**GIVEN DATA:**
::::

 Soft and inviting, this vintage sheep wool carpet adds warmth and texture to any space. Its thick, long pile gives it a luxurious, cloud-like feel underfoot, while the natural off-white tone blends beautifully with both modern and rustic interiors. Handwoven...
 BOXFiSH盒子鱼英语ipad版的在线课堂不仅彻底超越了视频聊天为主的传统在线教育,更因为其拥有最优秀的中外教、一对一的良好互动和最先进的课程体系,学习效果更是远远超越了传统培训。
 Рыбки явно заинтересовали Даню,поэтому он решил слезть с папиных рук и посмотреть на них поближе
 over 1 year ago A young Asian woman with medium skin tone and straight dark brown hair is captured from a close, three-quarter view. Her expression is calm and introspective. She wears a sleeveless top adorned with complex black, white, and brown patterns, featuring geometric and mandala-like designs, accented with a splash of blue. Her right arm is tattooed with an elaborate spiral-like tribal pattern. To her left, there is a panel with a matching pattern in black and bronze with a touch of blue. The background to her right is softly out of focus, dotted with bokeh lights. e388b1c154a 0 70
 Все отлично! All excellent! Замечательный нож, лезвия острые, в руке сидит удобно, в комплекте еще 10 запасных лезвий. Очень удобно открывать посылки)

::::

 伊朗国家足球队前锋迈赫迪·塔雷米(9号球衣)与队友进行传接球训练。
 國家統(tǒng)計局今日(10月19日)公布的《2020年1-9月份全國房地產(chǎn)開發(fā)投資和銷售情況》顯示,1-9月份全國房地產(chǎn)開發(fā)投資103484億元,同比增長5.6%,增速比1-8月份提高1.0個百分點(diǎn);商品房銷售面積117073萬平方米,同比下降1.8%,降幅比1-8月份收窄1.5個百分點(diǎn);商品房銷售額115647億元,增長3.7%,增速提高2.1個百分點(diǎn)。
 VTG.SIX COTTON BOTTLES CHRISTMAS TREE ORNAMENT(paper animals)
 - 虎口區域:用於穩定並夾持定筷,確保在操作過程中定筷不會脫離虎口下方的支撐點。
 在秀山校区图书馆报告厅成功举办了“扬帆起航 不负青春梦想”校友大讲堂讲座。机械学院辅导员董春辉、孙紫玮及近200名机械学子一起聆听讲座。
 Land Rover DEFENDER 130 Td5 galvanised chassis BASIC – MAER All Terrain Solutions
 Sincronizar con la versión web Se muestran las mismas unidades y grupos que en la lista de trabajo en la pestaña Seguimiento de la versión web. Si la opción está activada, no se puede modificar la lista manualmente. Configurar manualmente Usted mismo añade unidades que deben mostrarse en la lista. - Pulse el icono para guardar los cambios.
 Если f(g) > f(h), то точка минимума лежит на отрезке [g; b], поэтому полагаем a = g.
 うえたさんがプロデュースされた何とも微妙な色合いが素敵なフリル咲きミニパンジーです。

::::

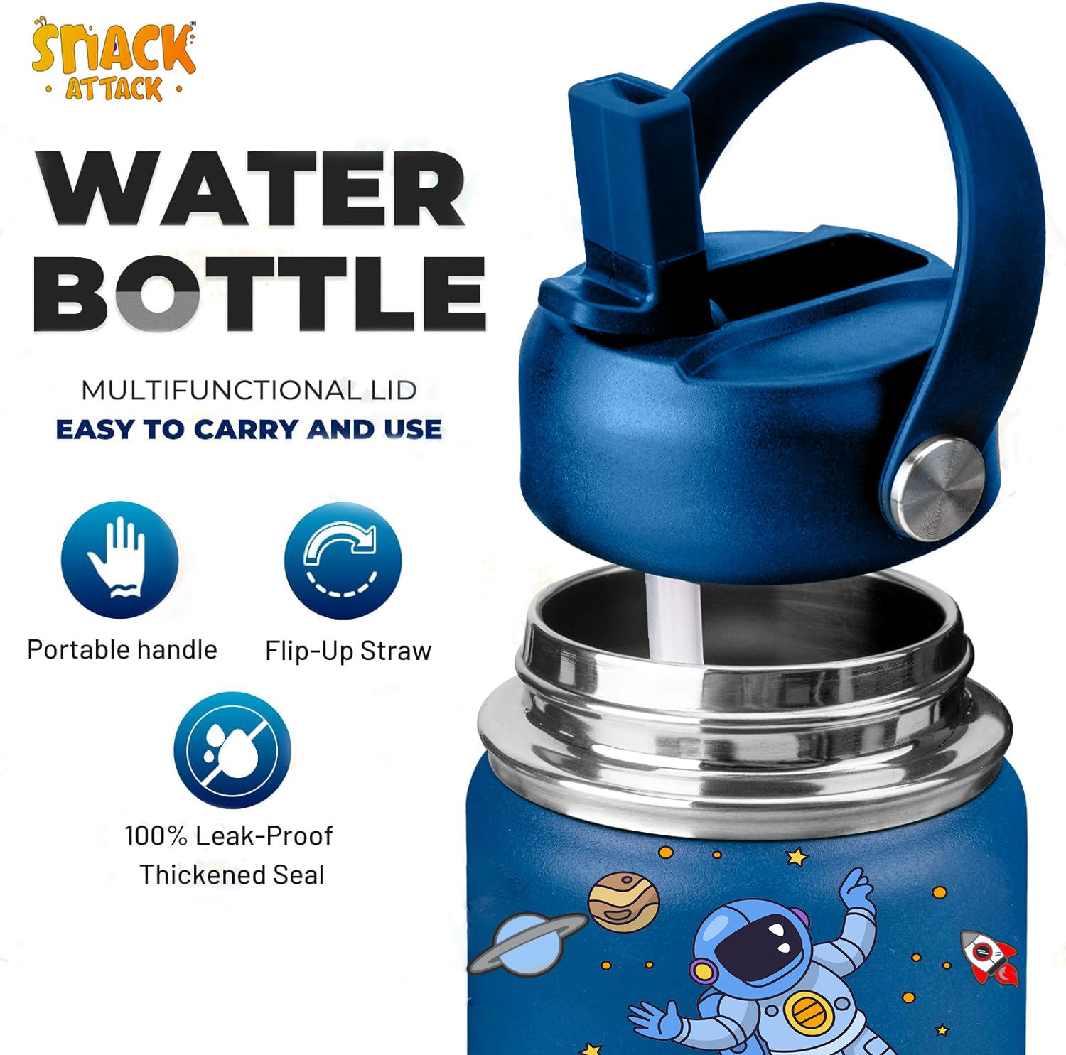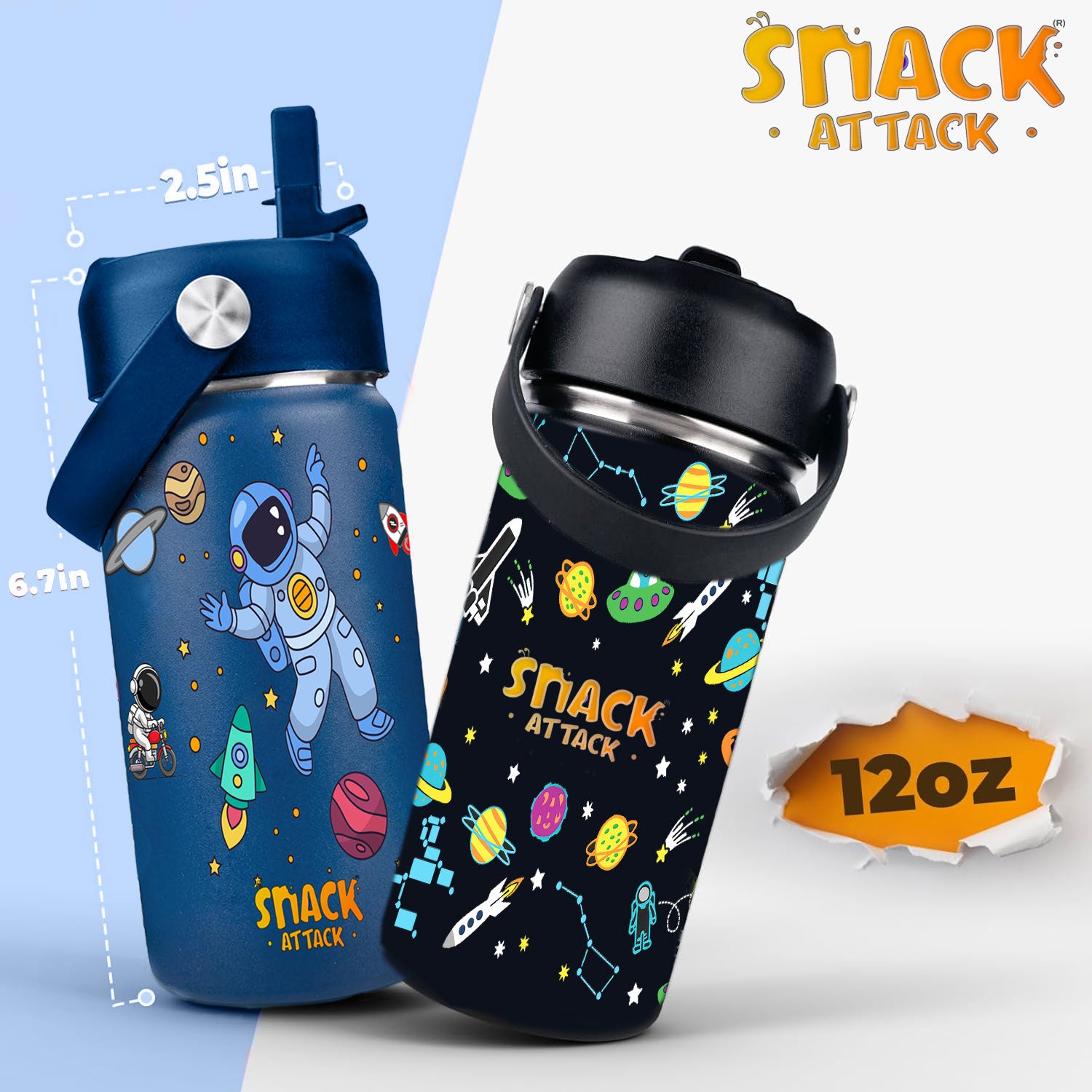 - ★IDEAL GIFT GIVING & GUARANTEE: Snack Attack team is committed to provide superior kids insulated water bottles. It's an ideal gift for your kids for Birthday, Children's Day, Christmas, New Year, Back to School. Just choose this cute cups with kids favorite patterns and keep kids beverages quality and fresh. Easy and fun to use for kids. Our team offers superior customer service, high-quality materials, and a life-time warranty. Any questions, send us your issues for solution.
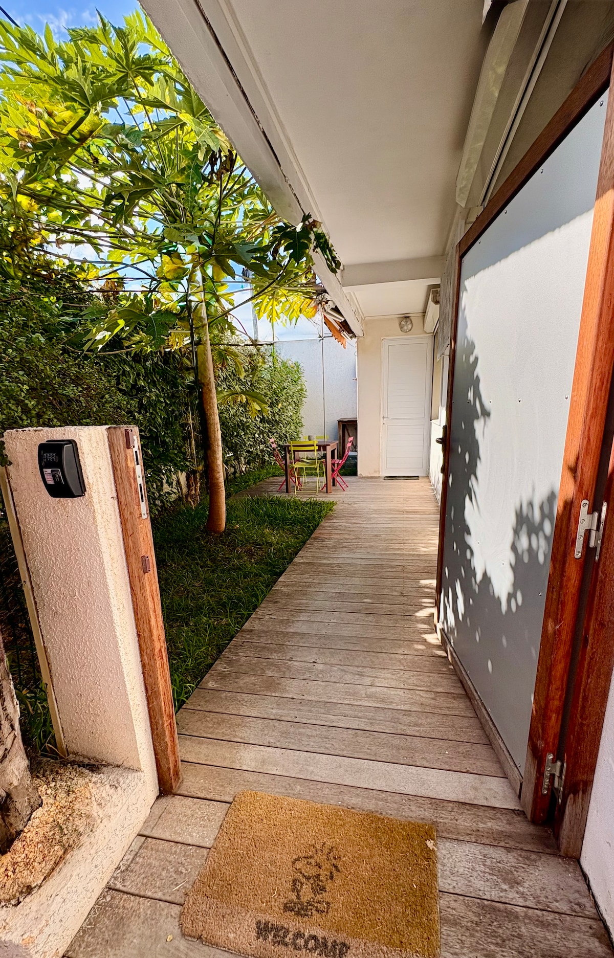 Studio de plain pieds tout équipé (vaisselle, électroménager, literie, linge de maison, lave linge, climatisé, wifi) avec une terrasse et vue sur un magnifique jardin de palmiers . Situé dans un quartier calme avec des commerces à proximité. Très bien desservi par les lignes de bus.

::::

What are the lines, exactly as written above, from the line with "BOXFiSH盒子鱼英语ip" to the line with "Все отлично! All", both included? Output only those.

**SOLUTION TO THIS EXERCISE:**
 BOXFiSH盒子鱼英语ipad版的在线课堂不仅彻底超越了视频聊天为主的传统在线教育,更因为其拥有最优秀的中外教、一对一的良好互动和最先进的课程体系,学习效果更是远远超越了传统培训。
 Рыбки явно заинтересовали Даню,поэтому он решил слезть с папиных рук и посмотреть на них поближе
 over 1 year ago A young Asian woman with medium skin tone and straight dark brown hair is captured from a close, three-quarter view. Her expression is calm and introspective. She wears a sleeveless top adorned with complex black, white, and brown patterns, featuring geometric and mandala-like designs, accented with a splash of blue. Her right arm is tattooed with an elaborate spiral-like tribal pattern. To her left, there is a panel with a matching pattern in black and bronze with a touch of blue. The background to her right is softly out of focus, dotted with bokeh lights. e388b1c154a 0 70
 Все отлично! All excellent! Замечательный нож, лезвия острые, в руке сидит удобно, в комплекте еще 10 запасных лезвий. Очень удобно открывать посылки)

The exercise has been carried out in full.